Unless in some dead drop onto rocks, such as during a faint, I cannot see it.  There were certainly sufficient rocks in the ravine to do some damage, it's just a question of the dropping height and hiker weight needed to produce enough impact force, and to explain why the chest was the only fracture site in 2 falling individuals.

I personally think the bodies were placed in the ravine, and that explains their non-random arrangement, heads all to one end. It's possible some of the fractures, such as the single set on Lyuda's left side, were caused by her body being dropped or rolled into the ravine, the body falling onto its left side, but I think the double fractures to both her and Semyon's right sides are likely the result of resuscitation.

I read how a US court case once suggested, as evidence from an 'expert' witness, that flail chest did not occur in CPR. Multiple fractures, including bilateral, are the norm in chest compression resus (see graphic), but flail chest, two or more fractures on the same rib, was called into question.

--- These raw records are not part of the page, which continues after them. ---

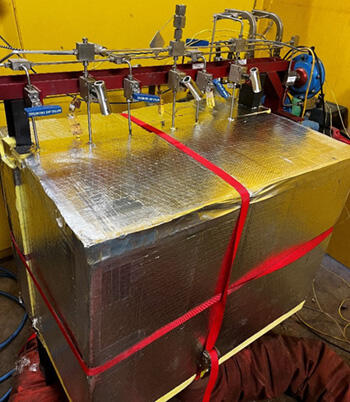 Heating or cooling of the stands is performed locally using an insulated enclosure (Figure 3) with an environmental control unit, a convection oven, heat trace, or exposure to chilled water or liquid nitrogen. This specific setup allowed the operator to perform Backflow Integrity Testing per API 19G2, Annex H at both maximum rated temperature and pressure within one of SwRI’s test cells.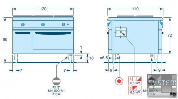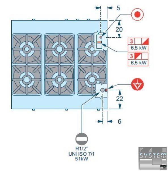 Газовая плита на 6 горелок Angelo Po 12WFAAE на электрической статической печи и нейтральном отделении относится к тепловой модульной линии OMEGA 1100.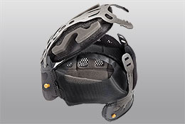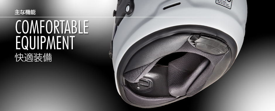 システム内装は、より固定式内装の、「深く、柔らかく」全体を包み込む内装を目指し、頭頂部パッドの形状を見直した。髪型が大きく崩れない形状と位置調整と着脱を可能にし、サイド部厚み調整可能なアジャスタブル機能も兼ね備えた新開発システム内装。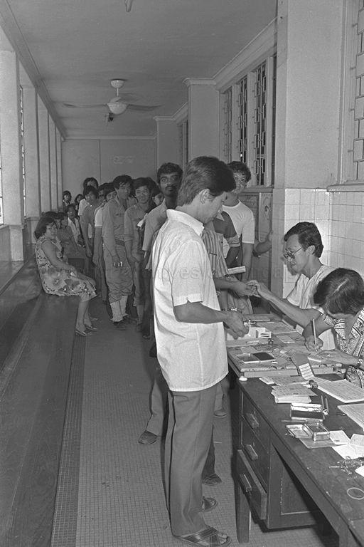 THE SPYROS DISASTER - PEOPLE WALKING IN TO THE SINGAPORE GENERAL HOSPITAL TO DONATE BLOOD FOR THE VICTIMS OF THE SPYROS TANKER EXPLOSION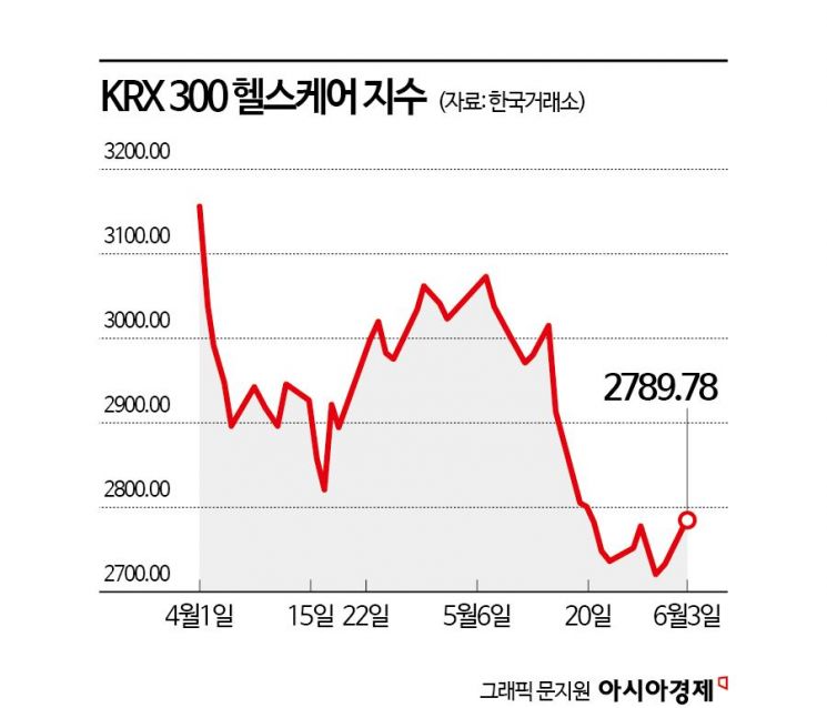 4일 한국거래소에 따르면 제약·바이오 등 헬스케어 섹터에 속하는 종목으로 구성된 KRX 300 헬스케어 지수는 지난 한 달간 8.42% 내리며 전 업종 중 가장 낮은 수익률을 보였다. 특히 HLB HLB close 증권정보 028300 KOSDAQ 현재가 62,400 전일대비 800 등락률 -1.27% 거래량 505,216 전일가 63,200 2026.04.21 15:30 기준 관련기사 최대 4배 투자금을 연 5%대 금리로...개별 종목, ETF 모두 가능 코스피, 사상 최고가 경신…외인·기관이 끌었다 달리는 말에 제대로 올라타려면? 투자금부터 넉넉하게 마련해야 가 미국 식품의약국(FDA) 신약 승인의 문턱을 넘지 못하며 하한가를 기록했고 삼성바이오로직스 삼성바이오로직스 close 증권정보 207940 KOSPI 현재가 1,588,000 전일대비 17,000 등락률 -1.06% 거래량 47,766 전일가 1,605,000 2026.04.21 15:30 기준 관련기사 코스피, 사상 최고가 경신…외인·기관이 끌었다 [기자수첩]'집단 연차'를 '파업'이라고 우기는 노조 삼성바이오로직스, AACR 첫 참가…CRDMO 전주기 사업 확장 시동 , 셀트리온 셀트리온 close 증권정보 068270 KOSPI 현재가 203,000 전일대비 2,500 등락률 -1.22% 거래량 446,662 전일가 205,500 2026.04.21 15:30 기준 관련기사 셀트리온 스테키마, 일본서 IV 제형 허가…크론병 적응증 확보 '기관 매수세' 코스피, 6200선 회복…코스닥도 상승 마감 셀트리온, 베그젤마 등 주요 제품군 유럽서 처방 확산 등 대형주도 약세를 보인 영향이 컸다.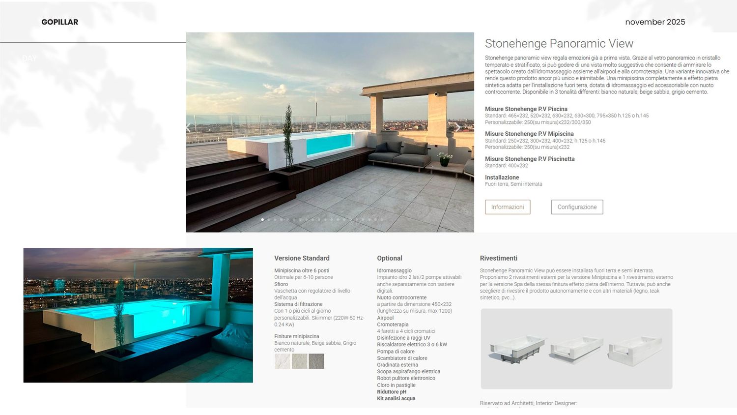Il cuore del progetto è l'inserimento di una moderna vasca, ideale per rinfrescarsi o per godere di un momento di relax di una Serra Solare e Area Fitness Coperta

It then required reseach into the veracity of this statement, and it was discovered, when referencing archives of numerous studies worldwide, that in fact the incidence of CPR causing flail chest is as high at 14.8%, though admittedly mainly in the elderly.

Graphic to show the incidence of bilateral rib fractures from CPR:



Semyon didn't have bilateral fractures. His fractures were confined to his right side (flail chest). His sternal fractures, perfectly centralised, are ideally placed for resus fractures, and especially on a man of his age, effectively generationally a lot 'older' than his 38 years circa 1959.

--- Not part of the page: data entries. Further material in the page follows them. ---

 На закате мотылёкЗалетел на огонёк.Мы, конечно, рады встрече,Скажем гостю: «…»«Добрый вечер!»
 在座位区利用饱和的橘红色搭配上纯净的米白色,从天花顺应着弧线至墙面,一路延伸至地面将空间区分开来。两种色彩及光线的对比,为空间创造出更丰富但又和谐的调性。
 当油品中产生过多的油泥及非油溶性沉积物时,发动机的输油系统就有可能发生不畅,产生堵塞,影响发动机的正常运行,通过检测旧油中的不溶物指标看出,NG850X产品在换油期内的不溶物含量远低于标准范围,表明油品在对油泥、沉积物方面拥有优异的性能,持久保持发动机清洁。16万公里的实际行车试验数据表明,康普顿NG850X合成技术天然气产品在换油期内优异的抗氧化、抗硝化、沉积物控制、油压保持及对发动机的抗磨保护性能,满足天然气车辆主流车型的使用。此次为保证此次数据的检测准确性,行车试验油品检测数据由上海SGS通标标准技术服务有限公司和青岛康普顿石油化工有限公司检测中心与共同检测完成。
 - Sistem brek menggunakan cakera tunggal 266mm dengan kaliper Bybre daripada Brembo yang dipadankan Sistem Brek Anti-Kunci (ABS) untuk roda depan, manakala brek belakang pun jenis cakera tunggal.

Once the sternal fractures have opened up and the CPR pressure continues the stress would travel down the longer part of the broken rib, and the stress would cause a bend fracture at the sides. The fractured end of bones would then be pushed into the internal organs, causing death. He then dies a "violent" death, but this is through the frantic efforts of his comrades to revive him, and he is otherwise already dead, or soon to be, from hypothermic collapse due to heart failure.

Lyuda had bilateral fractures. A single set of anterolateral fractures on her left side, and then the same as Semyon on her right side, though her sternal fractures were more away from the centre. Sternal fracture sites depend on where the hands are placed, and again, the stress would then travel to her right side and snap the same bones there.

Both their bodies should have displayed bruising from CPR, but because they were partly decomposed at the point of recovery there may not have been enough visible evidence - in Lyuda's case much of her chest skin tissues had sloughed away in running meltwater.

sarapuk:
You mean the supposed official explanation. Well what is there to explain. The explanation is self evident.